T-301A-14
State-Space Estimation of Spatially Explicit Assessment Models Using Gaussian Random Fields and Template Model Builder
State-Space Estimation of Spatially Explicit Assessment Models Using Gaussian Random Fields and Template Model Builder
Tuesday, August 19, 2014: 2:50 PM
301A (Centre des congrès de Québec // Québec City Convention Centre)
Stock assessments typically involve a workflow where spatially referenced data are pre-processed to estimate spatially aggregated measures of a population (i.e. indices of abundance, composition summaries), and these aggregate measures are then used to estimate parameters for a non-spatial population model. However, improvements in statistical and computational methods allow population dynamcis to be estimated using spatiotemporal models, which replace variables representing total abundance with random fields representing population densities over the population’s range.

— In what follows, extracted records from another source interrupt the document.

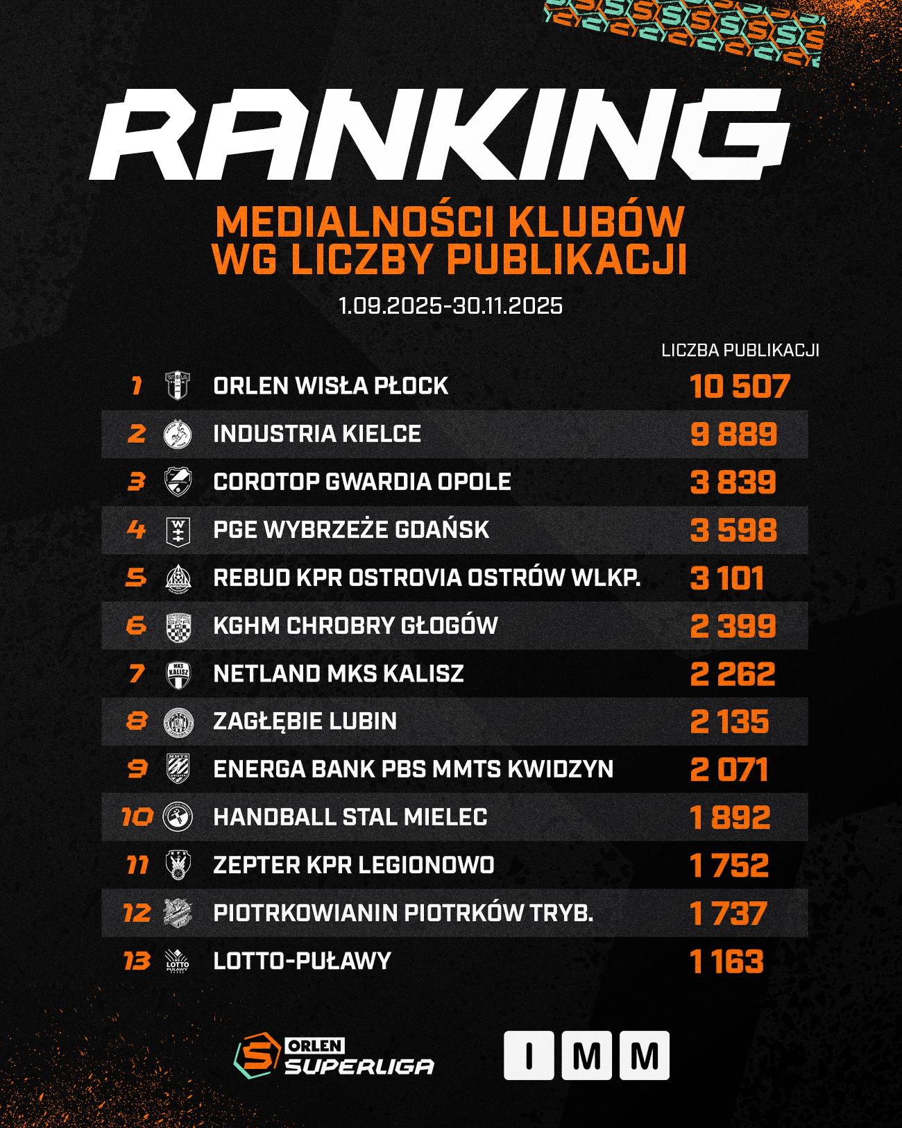 Instytut Monitorowania Mediów (IMM) przygotował raport medialności klubów ORLEN Superligi i ORLEN Superligi Kobiet za okres od 1 września do 30 listopada 2025 roku. Podsumowanie obejmujące prasę, radio, telewizję, Internet oraz media społecznościowe pokazuje duże zainteresowanie rozgrywkami w przestrzeni medialnej.
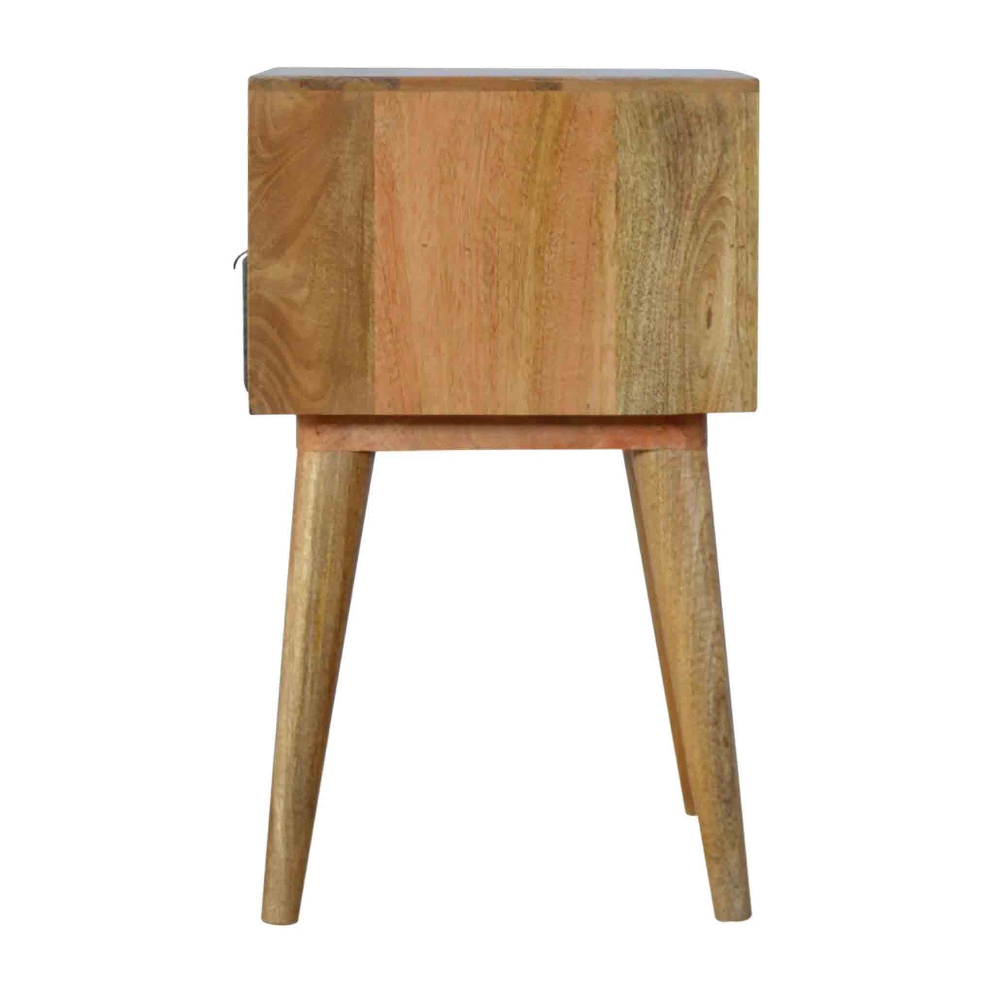 Finished with grey tweed fabric front drawers this bedside table takes a different twist on furniture by the contrast of 2 materials. It features a solid wood body finished so that would allow it to blend with oak items and a golden pull-out handle with 4 Nordic style legs. It is the perfect addition to both modern and country homes. It has a handy slot which can be used to place any bits and bobs like magazines or books you wish to keep nearby before bedtime.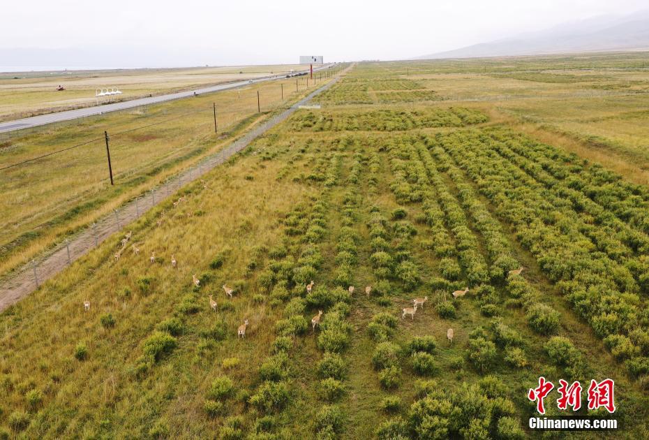 9月27日,在青海省海南藏族自治州共和縣青海湖國家級自然保護區南岸保護站,普氏原羚在草場內進食。 中新社記者 馬銘言 攝

We provide a brief introduction to spatiotemporal methods, including their estimation using Template Model Builder, while demonstrating a new state-space spatiotemporal model involving Gompertz-form density dependence. We use simulation experiments and data for three rockfishes in the California Current to contrast spatial and non-spatial state-space models, and results indicate that non-spatial models can result in biased estimates of both population abundance and the strength of density dependence. We conclude by discussing future prospects for this rich vein of research regarding spatial population-dynamics models.